=== Begin Enclosure ===

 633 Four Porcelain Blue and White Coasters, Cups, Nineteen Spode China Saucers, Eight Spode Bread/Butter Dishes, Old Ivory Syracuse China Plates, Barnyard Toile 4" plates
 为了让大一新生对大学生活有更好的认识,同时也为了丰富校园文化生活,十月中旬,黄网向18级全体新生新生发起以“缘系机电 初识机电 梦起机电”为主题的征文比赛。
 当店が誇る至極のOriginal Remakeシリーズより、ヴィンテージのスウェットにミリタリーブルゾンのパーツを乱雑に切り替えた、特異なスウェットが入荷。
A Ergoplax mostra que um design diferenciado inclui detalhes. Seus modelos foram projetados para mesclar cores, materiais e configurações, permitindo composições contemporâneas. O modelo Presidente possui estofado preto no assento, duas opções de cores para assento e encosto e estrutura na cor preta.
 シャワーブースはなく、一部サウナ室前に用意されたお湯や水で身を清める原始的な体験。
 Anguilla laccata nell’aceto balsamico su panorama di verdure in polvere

=== End Enclosure ===
=== Begin Enclosure ===

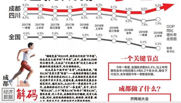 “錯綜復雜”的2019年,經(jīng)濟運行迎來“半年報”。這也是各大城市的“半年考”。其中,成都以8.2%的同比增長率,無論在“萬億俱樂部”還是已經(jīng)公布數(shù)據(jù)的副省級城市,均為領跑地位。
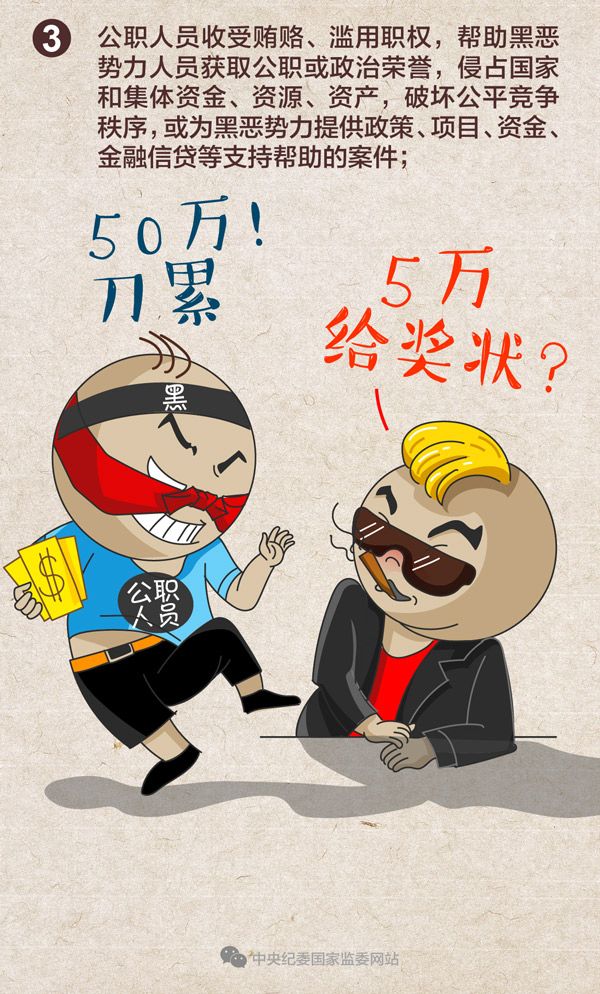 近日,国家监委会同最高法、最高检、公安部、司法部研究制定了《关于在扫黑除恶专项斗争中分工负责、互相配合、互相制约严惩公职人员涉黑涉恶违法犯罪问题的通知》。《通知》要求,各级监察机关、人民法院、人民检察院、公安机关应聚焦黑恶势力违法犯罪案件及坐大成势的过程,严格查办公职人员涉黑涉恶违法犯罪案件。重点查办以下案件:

=== End Enclosure ===

What to work on
Begin with the line that has "シャワーブースはなく、一部サ" in the listing above and end after the line that has "Anguilla laccata nell’aceto"; output those lines exactly.

Written answer
 シャワーブースはなく、一部サウナ室前に用意されたお湯や水で身を清める原始的な体験。
 Anguilla laccata nell’aceto balsamico su panorama di verdure in polvere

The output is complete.